A pilot program has been rolled out in Christchurch which sees the first time Community Magistrates sit in the South Island.
The program, welcomes by Justice and Courts Minister Amy Adams, will run for two months and is part of the work of the Christchurch Justice and Emergency Services Precinct project to test new ways of working to benefit the justice system.
During the pilot, Community Magistrates from Auckland will sit for three days a week across three timeslots.
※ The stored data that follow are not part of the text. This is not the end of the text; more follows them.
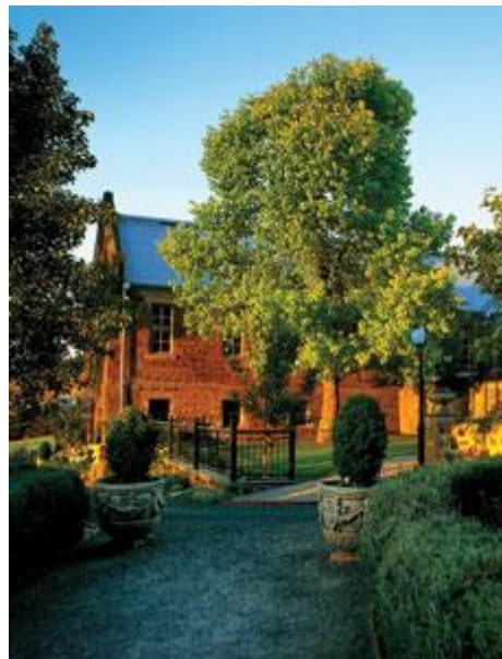
Goonawarra Winery today.

The Goonawarra Housing Estate as we know it today was developed in the 1980's. The shopping complex was built in 1982. The medical centre and pharmacy commenced on the current site in 1987. The school and the preschool centre also commenced in 1987 and the Goonawarra Neighbourhood House was opened in 1990.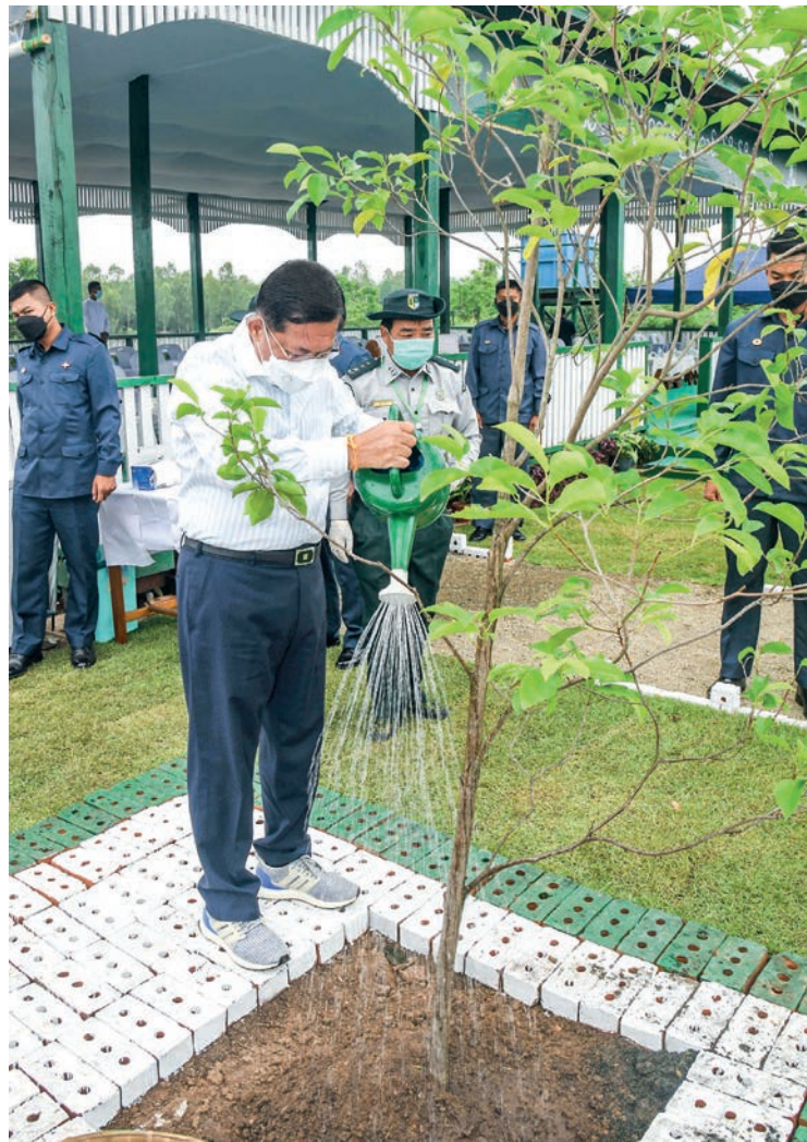
The Senior General is seen throwing water at the sapling.

According to a 2000 report issued by the UN Food and Agriculture Organization (FAO), 51.54 per cent of the country was covered in the forest while 46.96 per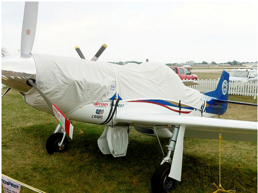
Thunder Mustang Canopy & Engine Cover

There are 16 Community Magistrates who sit in the Northland, Auckland, Manukau, Bay of Plenty, Hawke’s Bay, Gisborne, Wairoa, New Plymouth and Whanganui courts.
“Community Magistrates will bring benefits to the Christchurch courts by freeing up District Court Judges to deal with serious offending, prioritising arrest cases and reducing waiting times for court users,” says Minister Adams.
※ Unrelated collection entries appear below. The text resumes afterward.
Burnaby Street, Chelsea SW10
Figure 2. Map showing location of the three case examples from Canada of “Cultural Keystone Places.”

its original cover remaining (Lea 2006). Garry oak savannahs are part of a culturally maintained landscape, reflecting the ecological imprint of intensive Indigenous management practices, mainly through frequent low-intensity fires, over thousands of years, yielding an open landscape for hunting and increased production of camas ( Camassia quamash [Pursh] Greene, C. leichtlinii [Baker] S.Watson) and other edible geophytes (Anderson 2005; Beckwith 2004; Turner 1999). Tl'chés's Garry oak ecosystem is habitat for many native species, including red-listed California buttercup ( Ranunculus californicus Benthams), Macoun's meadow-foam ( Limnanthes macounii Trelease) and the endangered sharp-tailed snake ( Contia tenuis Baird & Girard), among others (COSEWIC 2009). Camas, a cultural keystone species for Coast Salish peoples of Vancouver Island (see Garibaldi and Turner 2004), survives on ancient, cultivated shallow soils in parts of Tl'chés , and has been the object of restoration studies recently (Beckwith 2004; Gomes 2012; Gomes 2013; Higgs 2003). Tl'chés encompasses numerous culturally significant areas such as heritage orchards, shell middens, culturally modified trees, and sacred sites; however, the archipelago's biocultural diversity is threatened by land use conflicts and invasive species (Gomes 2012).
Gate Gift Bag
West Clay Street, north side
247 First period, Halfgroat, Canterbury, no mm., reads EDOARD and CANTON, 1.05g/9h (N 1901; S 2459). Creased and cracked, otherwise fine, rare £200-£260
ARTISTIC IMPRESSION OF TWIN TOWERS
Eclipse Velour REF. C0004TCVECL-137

“The building of the new precinct has presented an opportunity to run the pilot programme and see if it is effective at improving court scheduling and giving a better experience to our court users in Christchurch,” she adds.
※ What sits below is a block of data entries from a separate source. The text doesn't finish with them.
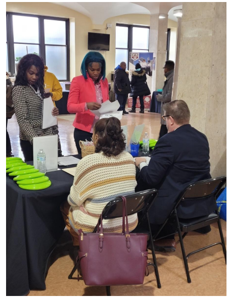
Growing Home trainees attend job fairs alongside Growing Home staff. Left is Growing Home trainees dressed professionally and ready to go for interviews! Right are two Growing Home graduates at a job fair, engaging live with employers (and dressed stylishly with Growing Home's partnership with Dress for Success!).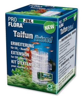
JBL PROFLORA Taifun Extend

Extension for CO2 high-performance diffuser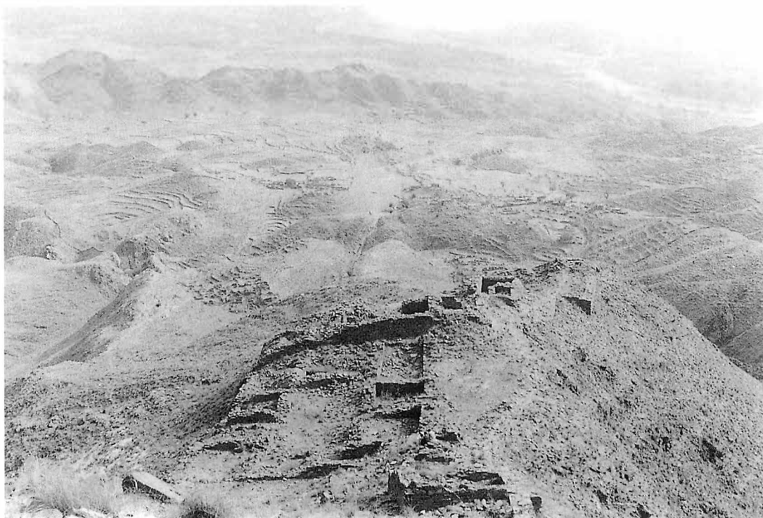
Pl. 10: Sapparai: A bird's eye view of the structural remains.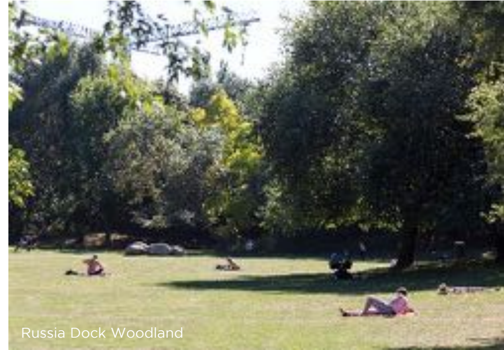
Russia Dock Woodland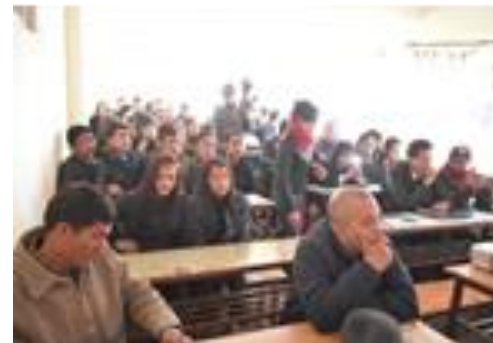
Photo: Scenes from Fire Safety Training at Greenfield National College, Kathmandu, Nepal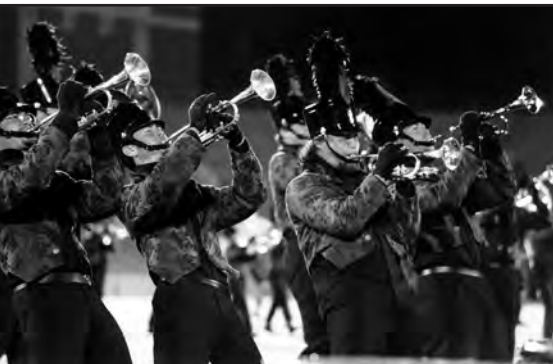
MAGIC OF ORLANDO, Orlando, FL (1998).

• Pitch of the horns: Horn pitch is the most readily available evidence, but knowing what to conclude from it requires familiarity with the tendencies of each corps', horn line over the years and the weather conditions at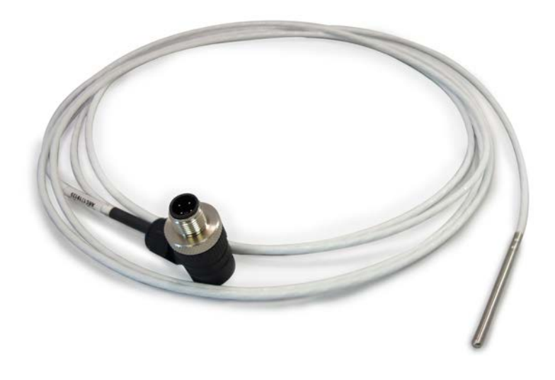
Figure 6: PFPN-STE32-001 PT100 probe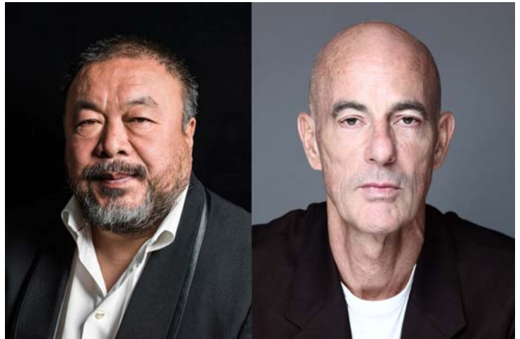
Ai Weiwei and Jacques Herzog

Community Magistrates are an important component of the District Court and deal with a wide range of less serious cases in the District Court’s criminal jurisdiction, the Minister’s office notes.
They may deal with offences punishable by a fine of up to $40,000, and may sentence offenders who plead guilty to an offence punishable by up to three months’ imprisonment.
“Judicial Justices of the Peace remain important to the work that the courts do and will continue to work in Christchurch alongside the Community Magistrates,” says Adams.